Синдерелла без хрустальной туфельки
Шрифт:
— Да я носил один раз в издательство. Давно, правда. Не взяли.
— А что сказали? Плохо?
— Да нет. Что плохо, как раз не сказали. Сказали, формат не тот…
— И что?
— И все. Я больше никуда и не пошел.
— Да почему?! Подумаешь — формат не тот! Для того издательства, может, и не тот, а для другого — как раз и тот! Ты что? Так же нельзя! Даже не по-мужски как-то! При первой же неудаче взял и отошел в сторону!
— Да, я сначала тоже себя за это ругал, знаешь. А потом вдруг понял — не хочу никакой такой суеты. Мне и так хорошо, без трепыханья этого. Пишу и пишу себе, живу и живу себе. Я удовольствие свое уже в процессе успел словить, понимаешь? А погоня за признанием — это уже суета, лишние и никому не нужные телодвижения. Мне, по крайней мере, точно не нужные.

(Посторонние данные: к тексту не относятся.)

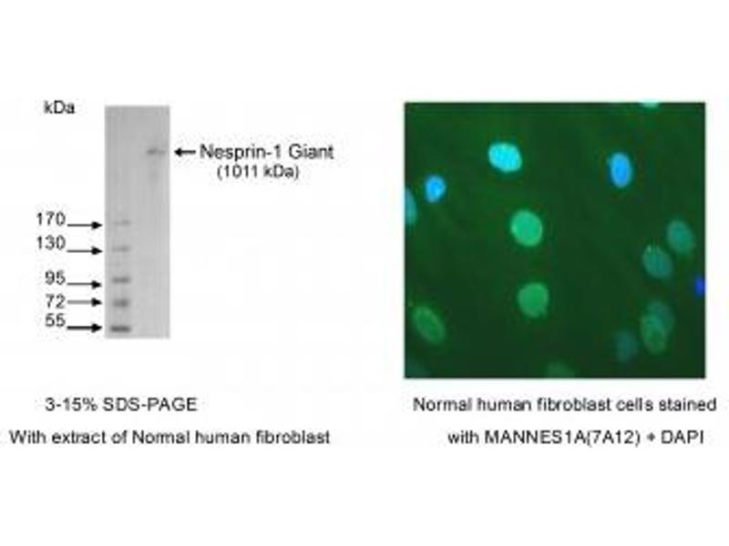 - Recognizes the C-terminal region of nesprin-1-giant
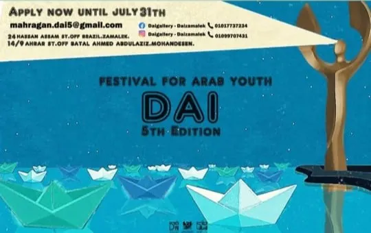 Only 17 Days left to submit your artwork and participate “Dai festival for Arab youth, 5th edition 2024 Fill the form https://drive.google.com/.../192LkTGShYddO40k... And Submit your artwork now at mahragan.dai5@gmail.com Submission is open until July 31th 2024 Visit us daily from 11:00AM to 9:00PM except Fridays

— Нет, не понимаю… — медленно покачала головой Василиса,
— Ну, понимаешь, каждый должен устроиться на этой земле так, как ему предназначено. Детям земли — одно, детям солнца — другое…
— А что, мы разве не все дети земли?
— Нет…
Саша замолчал, смотрел на нее в слабом свете ночничка, улыбался. Эта девчонка понимала его. Хоть и говорила, что не понимает, но понимала прекрасно — он это чувствовал. Он мог говорить с ней сейчас обо всем и не бояться ничего — не бояться быть отвергнутым и осмеянным, раздражающим и вызывающим праведный женский гнев по поводу его «неправильного» отношения к своей жизни. Он мог ей даже рассказать про «детей солнца» и «детей земли» — она поймет. Поймет, что он никого не ругает, не хвалит и никак не оценивает, что и на самом деле люди, которые дети земли, ничем не лучше и не хуже людей, которые родились детьми солнца. Просто они разные, и все. Для детей земли вся жизнь в основном состоит из преодоления препятствий к достижению какой-то цели, к успеху, к общественному в конечном итоге признанию. Всем им нужно обязательно, просто необходимо кем-то значительным стать, а иначе и жизнь вроде как и не удалась, вроде как и прожита зазря, совсем впустую. И это не есть плохо — просто они так устроены, дети земли. Это их суть. И дай им бог. А дети солнца — они по-другому устроены. Суета для них губительна, успехи и достижения любых целей не так уж и важны, а свалившееся вдруг признание просто пугает неуемным людским любопытством. Они хрупки, тонкокожи и наивны и часто бегут по тому же пути, что и дети земли, расшибая при этом себе лбы и колени и боясь прослыть неудачниками. И не понимают, что это совсем не их путь. И мучаются страшно. Хотя мучиться и не стоит вовсе, а стоит лишь понять, что ты — дитя солнца, и жить себе, никуда и ни за чем не торопясь… Пусть дети земли стремятся к своему свету-солнцу, им так природой положено. А детям солнца бежать никуда не надо — оно внутри них уже есть, свое, маленькое солнышко, которое надо уметь видеть и уметь от него согреваться. А суету эту в стороне от себя держать… Все это он сейчас выложил ей совершенно открыто и искренне, хоть и знал, что и она тоже яростно будет спорить с ним сейчас. Но спорить будет по-своему. Совсем, совсем не раздражаясь и не крутя периодически пальчиком у виска…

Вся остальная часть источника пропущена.